Task details>
Omit all pictures and transcribe only the lines in the entries below that run from the line with "Approximately 70% of" through the line with "nhạc cả ngày".

Data excerpts>
=-=-=-=-=

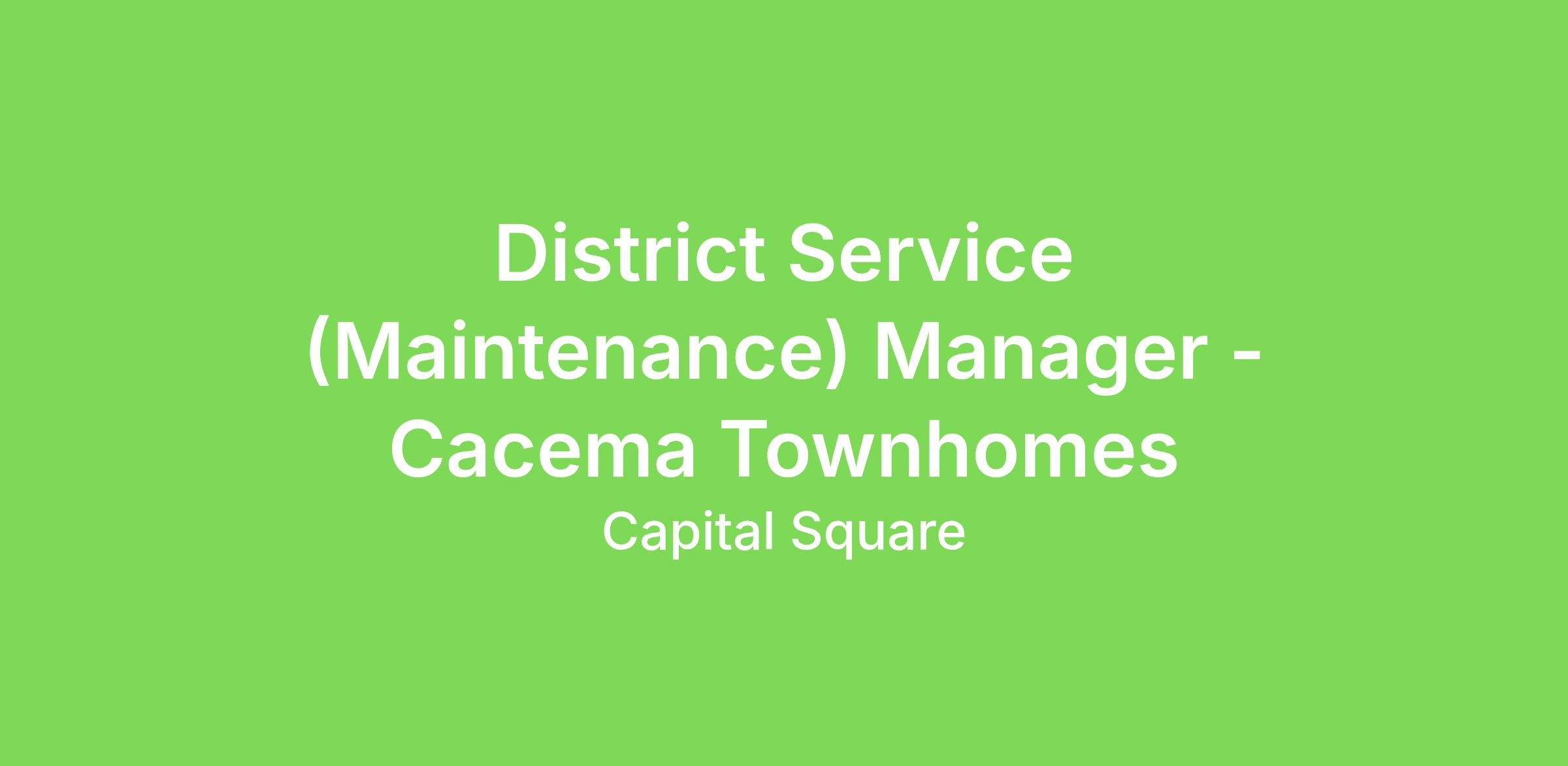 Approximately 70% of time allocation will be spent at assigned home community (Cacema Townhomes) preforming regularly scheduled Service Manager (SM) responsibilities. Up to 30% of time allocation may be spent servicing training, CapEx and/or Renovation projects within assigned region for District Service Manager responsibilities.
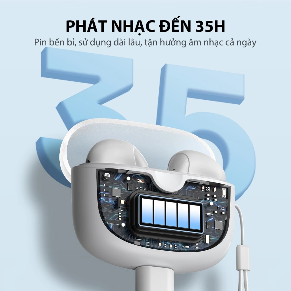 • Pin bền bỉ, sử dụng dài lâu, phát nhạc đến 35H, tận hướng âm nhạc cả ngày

=-=-=-=-=

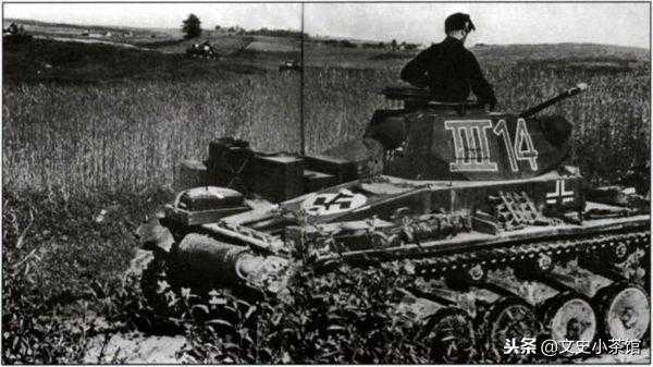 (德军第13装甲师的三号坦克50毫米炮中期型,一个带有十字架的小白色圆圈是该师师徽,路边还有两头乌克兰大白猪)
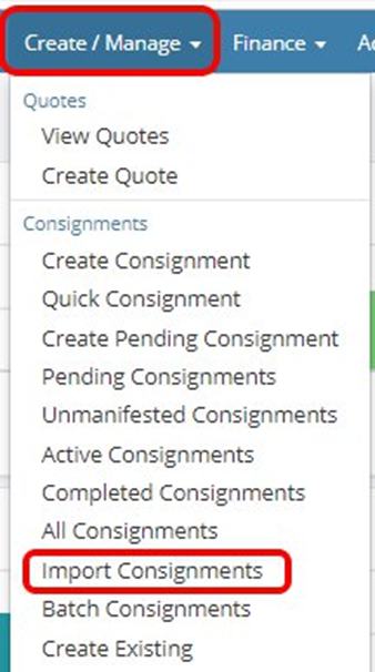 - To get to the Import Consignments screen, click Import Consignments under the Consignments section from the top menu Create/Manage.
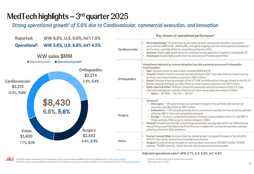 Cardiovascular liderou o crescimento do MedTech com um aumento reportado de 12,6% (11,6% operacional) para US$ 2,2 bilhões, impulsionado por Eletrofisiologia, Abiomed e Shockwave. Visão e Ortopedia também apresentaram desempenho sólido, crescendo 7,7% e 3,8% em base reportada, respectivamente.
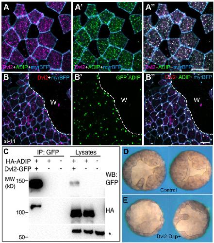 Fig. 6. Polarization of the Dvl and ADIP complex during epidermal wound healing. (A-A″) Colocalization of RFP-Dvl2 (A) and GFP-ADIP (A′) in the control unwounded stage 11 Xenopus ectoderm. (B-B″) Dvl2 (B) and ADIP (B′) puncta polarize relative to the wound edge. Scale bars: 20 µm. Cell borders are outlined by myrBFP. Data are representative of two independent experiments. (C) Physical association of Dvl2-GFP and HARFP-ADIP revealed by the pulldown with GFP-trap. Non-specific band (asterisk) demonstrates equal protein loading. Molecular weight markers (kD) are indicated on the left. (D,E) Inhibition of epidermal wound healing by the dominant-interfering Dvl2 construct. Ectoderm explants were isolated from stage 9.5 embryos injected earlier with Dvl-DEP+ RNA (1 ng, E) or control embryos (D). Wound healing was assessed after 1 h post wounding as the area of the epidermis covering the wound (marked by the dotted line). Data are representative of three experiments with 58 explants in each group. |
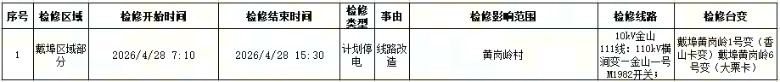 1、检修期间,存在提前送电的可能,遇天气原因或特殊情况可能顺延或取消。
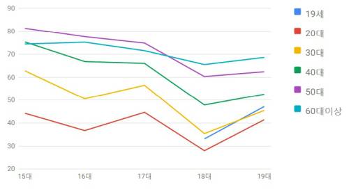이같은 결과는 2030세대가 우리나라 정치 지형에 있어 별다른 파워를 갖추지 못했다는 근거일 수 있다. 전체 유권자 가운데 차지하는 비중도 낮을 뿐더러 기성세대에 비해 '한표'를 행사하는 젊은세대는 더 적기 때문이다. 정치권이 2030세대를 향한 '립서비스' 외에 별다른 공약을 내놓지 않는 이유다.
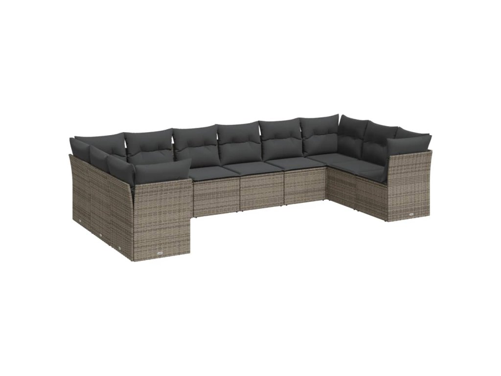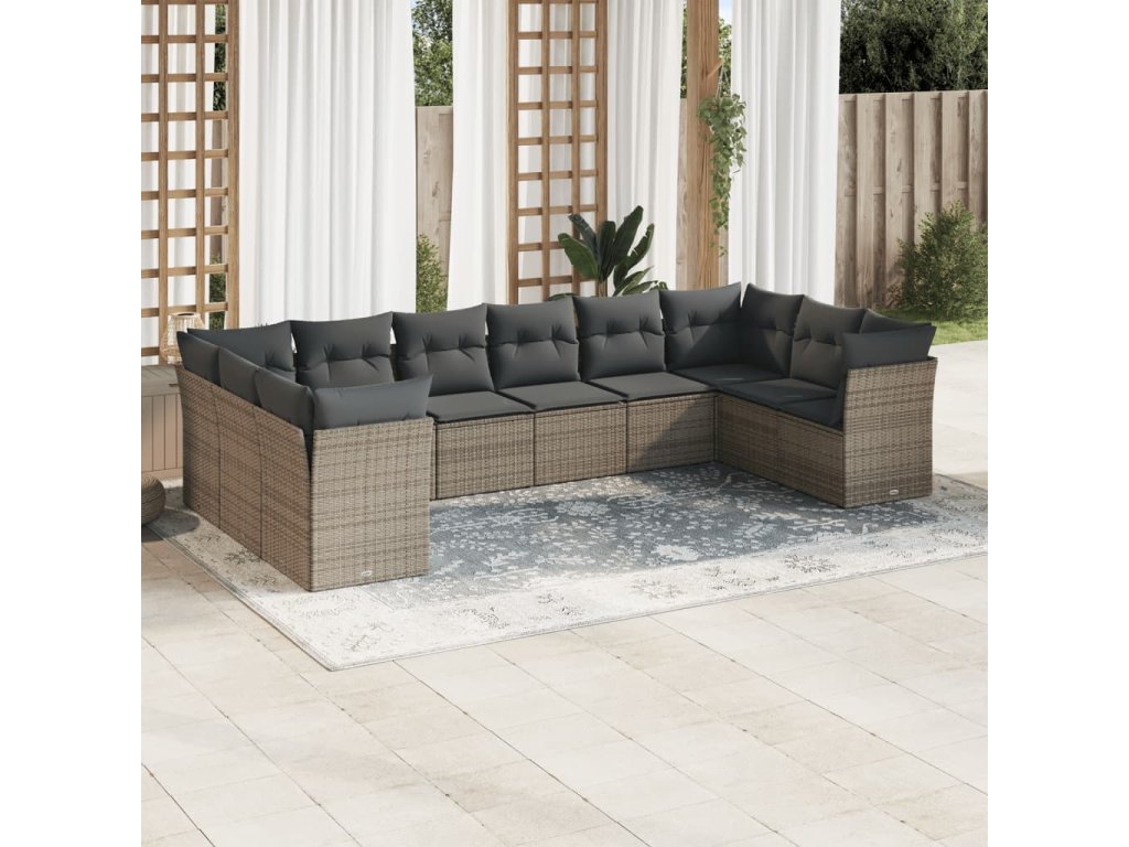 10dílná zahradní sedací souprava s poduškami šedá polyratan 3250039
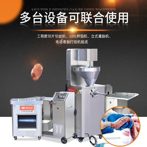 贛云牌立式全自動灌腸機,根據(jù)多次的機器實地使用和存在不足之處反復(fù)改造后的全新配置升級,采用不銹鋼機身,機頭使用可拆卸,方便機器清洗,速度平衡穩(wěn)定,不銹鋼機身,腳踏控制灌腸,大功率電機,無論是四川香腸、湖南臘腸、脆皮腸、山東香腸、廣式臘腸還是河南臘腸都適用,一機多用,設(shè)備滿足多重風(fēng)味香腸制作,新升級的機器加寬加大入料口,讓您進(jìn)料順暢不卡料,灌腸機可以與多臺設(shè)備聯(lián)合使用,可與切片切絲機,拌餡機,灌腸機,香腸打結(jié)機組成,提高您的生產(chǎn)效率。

=-=-=-=-=

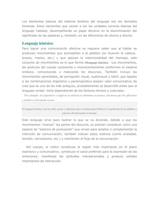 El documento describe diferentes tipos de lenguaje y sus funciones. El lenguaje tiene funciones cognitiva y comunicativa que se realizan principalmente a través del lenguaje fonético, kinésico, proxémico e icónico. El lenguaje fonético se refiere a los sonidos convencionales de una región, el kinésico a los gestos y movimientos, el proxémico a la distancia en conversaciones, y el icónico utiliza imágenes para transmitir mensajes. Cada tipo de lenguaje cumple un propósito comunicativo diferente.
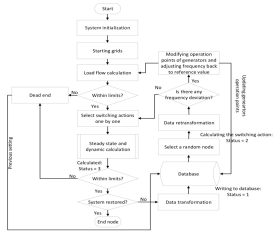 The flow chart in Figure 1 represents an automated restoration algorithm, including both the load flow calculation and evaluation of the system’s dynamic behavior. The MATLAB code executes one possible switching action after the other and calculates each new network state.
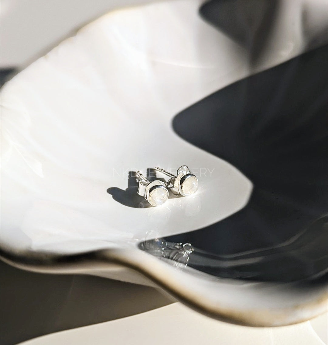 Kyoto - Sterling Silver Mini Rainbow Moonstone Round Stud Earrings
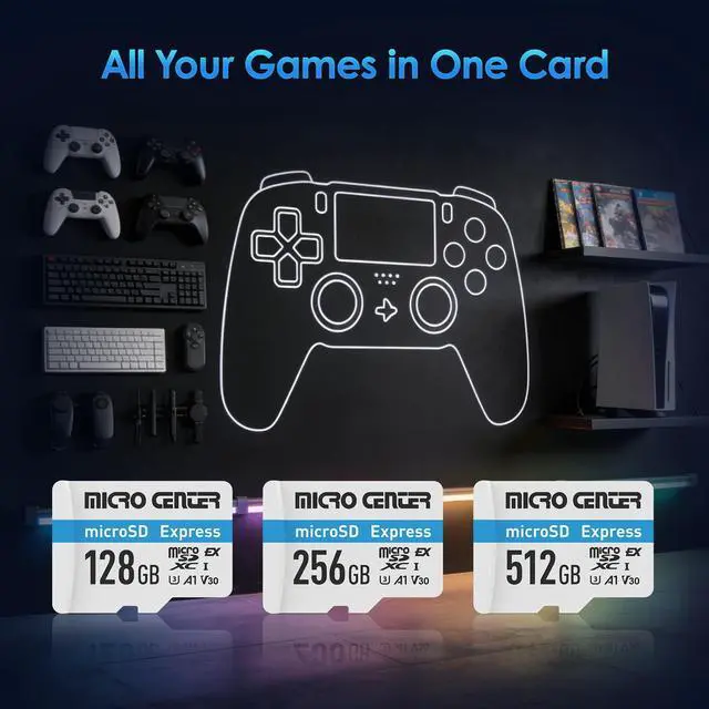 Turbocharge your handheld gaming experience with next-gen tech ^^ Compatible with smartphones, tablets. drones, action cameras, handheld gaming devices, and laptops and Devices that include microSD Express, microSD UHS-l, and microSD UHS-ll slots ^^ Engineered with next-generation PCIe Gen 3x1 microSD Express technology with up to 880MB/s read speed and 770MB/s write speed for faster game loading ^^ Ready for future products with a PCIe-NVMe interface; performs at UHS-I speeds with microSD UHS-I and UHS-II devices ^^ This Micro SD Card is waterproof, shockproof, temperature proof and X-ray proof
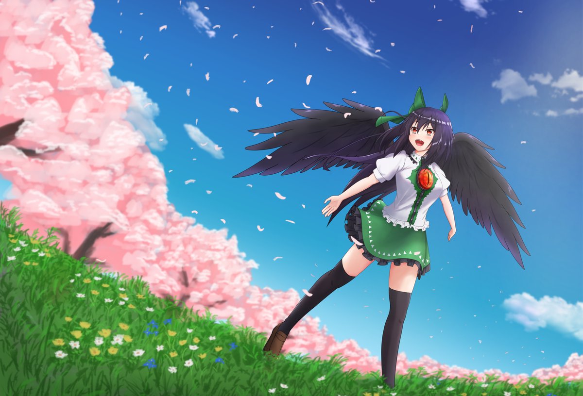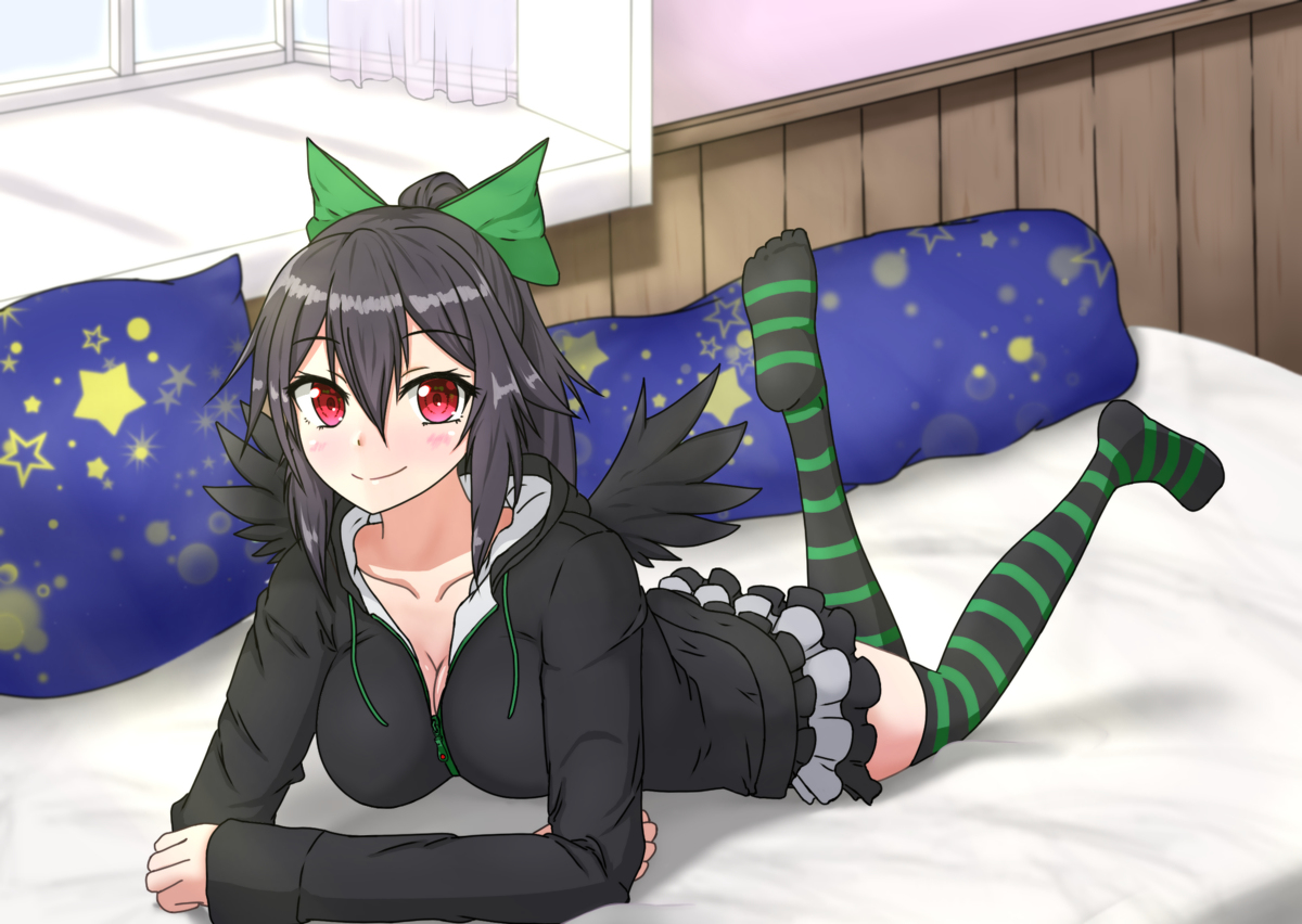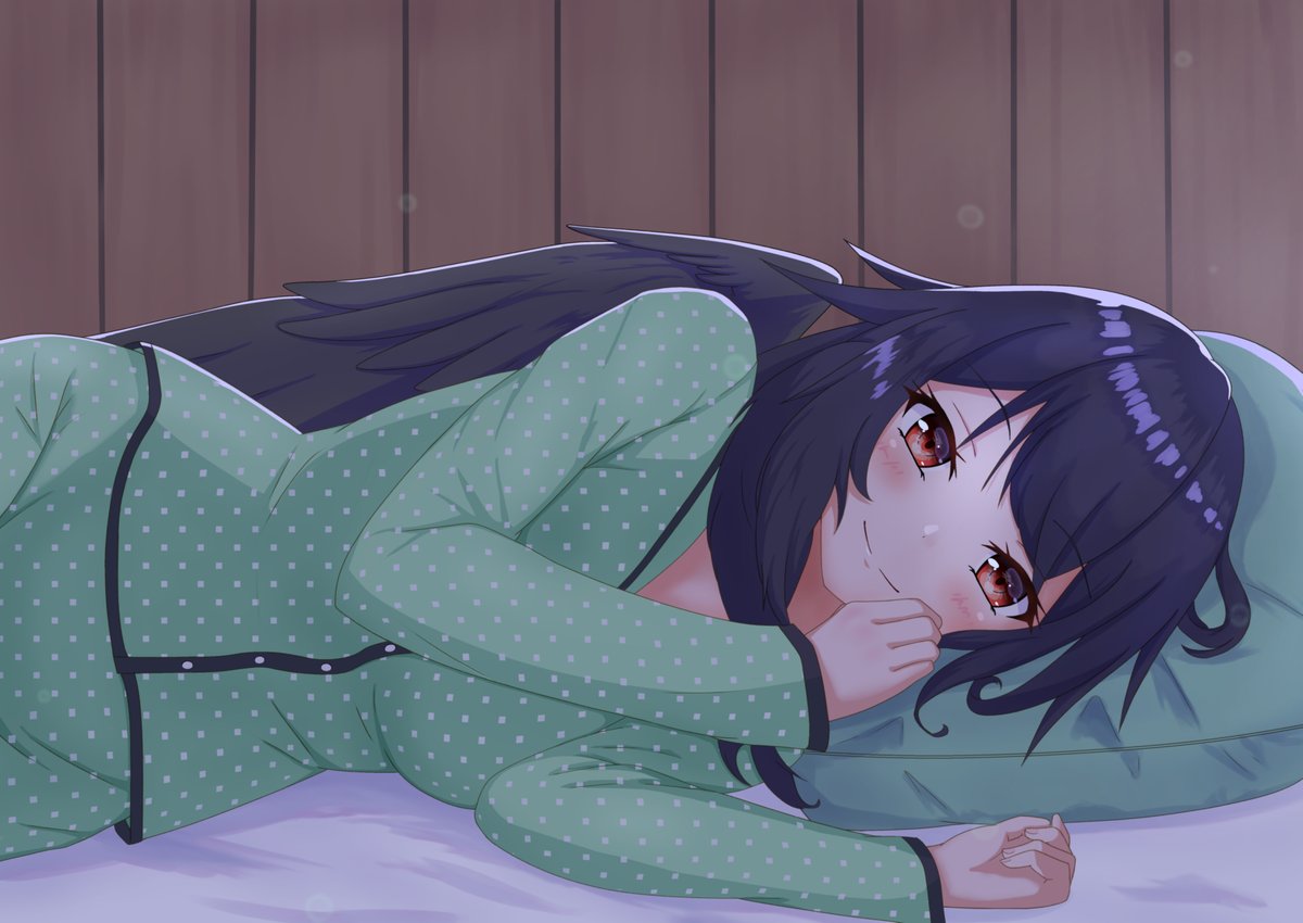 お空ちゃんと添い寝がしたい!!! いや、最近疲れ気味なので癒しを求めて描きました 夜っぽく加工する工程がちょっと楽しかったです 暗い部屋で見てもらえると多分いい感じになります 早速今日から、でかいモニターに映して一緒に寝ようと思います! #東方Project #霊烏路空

=-=-=-=-=

Exercise solution>
 Approximately 70% of time allocation will be spent at assigned home community (Cacema Townhomes) preforming regularly scheduled Service Manager (SM) responsibilities. Up to 30% of time allocation may be spent servicing training, CapEx and/or Renovation projects within assigned region for District Service Manager responsibilities.
 • Pin bền bỉ, sử dụng dài lâu, phát nhạc đến 35H, tận hướng âm nhạc cả ngày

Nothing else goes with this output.